The drive mechanism 59 horizontally moves and horizontally rotates the support plate 57 in the X direction and the Y direction using the drive motor 64 (FIG. 2). The drive means 36 includes a drive mechanism 59, a support plate 57, and a drive motor.

A through hole for supporting each second support pillar 56 is formed in the lower container 34b. The O-ring 60 is fitted into each through hole. The O-ring 60 closes the gap between the second support column 56 and the lower container 34b so that the airtightness of the vacuum processing chamber 34 is maintained.

Next, the control mechanism of the bonding substrate manufacturing apparatus 31 is demonstrated using FIG. In addition, in FIG. 2, the same code | symbol is attached | subjected about the component same as the structure demonstrated by FIG.

The bonding substrate manufacturing apparatus 31 is for controlling the pressure (vacuum pump 50) of the vacuum processing chamber 34, the pressing force for bonding (pressurizing motor 44) and the positioning of the substrate (driving means 36). The control device 61 is included. The control apparatus 61 is general PLC (Programmable Logic Controllers), for example. The control device 61 includes a load cell 48, an image processing device 62, a pressure sensor 63, a pressurizing motor 44, a driving motor 64 of the driving means 36, and a vacuum pump 50. Is connected.

The control device 61 calculates the load applied to the substrates W1 and W2 from the output signal of each load cell 48, generates a motor drive signal in accordance with the calculated load, and transmits the motor drive signal to the pressure motor ( 44). The pressurizing motor 44 is driven in accordance with the motor drive signal to raise or lower the first holding plate 51.

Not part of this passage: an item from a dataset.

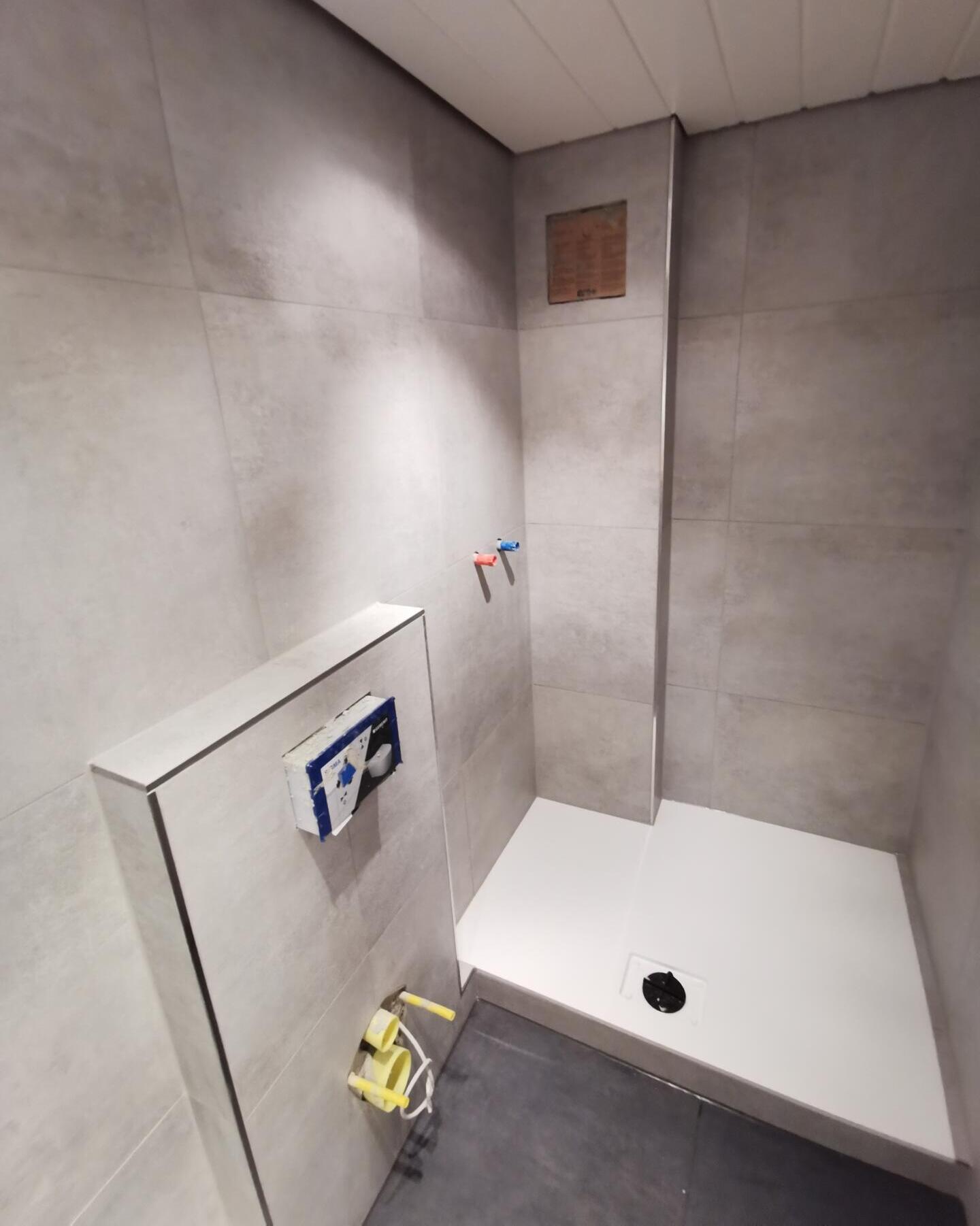 Dusche und Flur Boden Betonoptik Fliesen Verlegung Renningen

The control device 61 also supplies the motor drive signal generated on the basis of the output signal from the image processing device 62 to the drive motor 64. In detail, the bonded substrate manufacturing apparatus 31 is equipped with a CCD camera (not shown) which picks up the alignment mark for aligning both board | substrates W1 and W2 at the time of board | substrate bonding. This CCD camera picks up the alignment mark formed in the board | substrate W1 and W2 at the time of bonding, and supplies the image data to the image processing apparatus 62. FIG. The control apparatus 61 produces | generates a motor drive signal according to the calculation result (calculation data of a position shift amount) of the image processing apparatus 62, and supplies the motor drive signal to the drive motor 64. As shown in FIG. The drive motor 64 rotates in response to the motor drive signal to operate the drive mechanism 59. By the operation of the drive mechanism 59, the support plate 57, the second holding plate 52, and the lower container 34b are moved, and positioning of both substrates W1 and W2 is performed.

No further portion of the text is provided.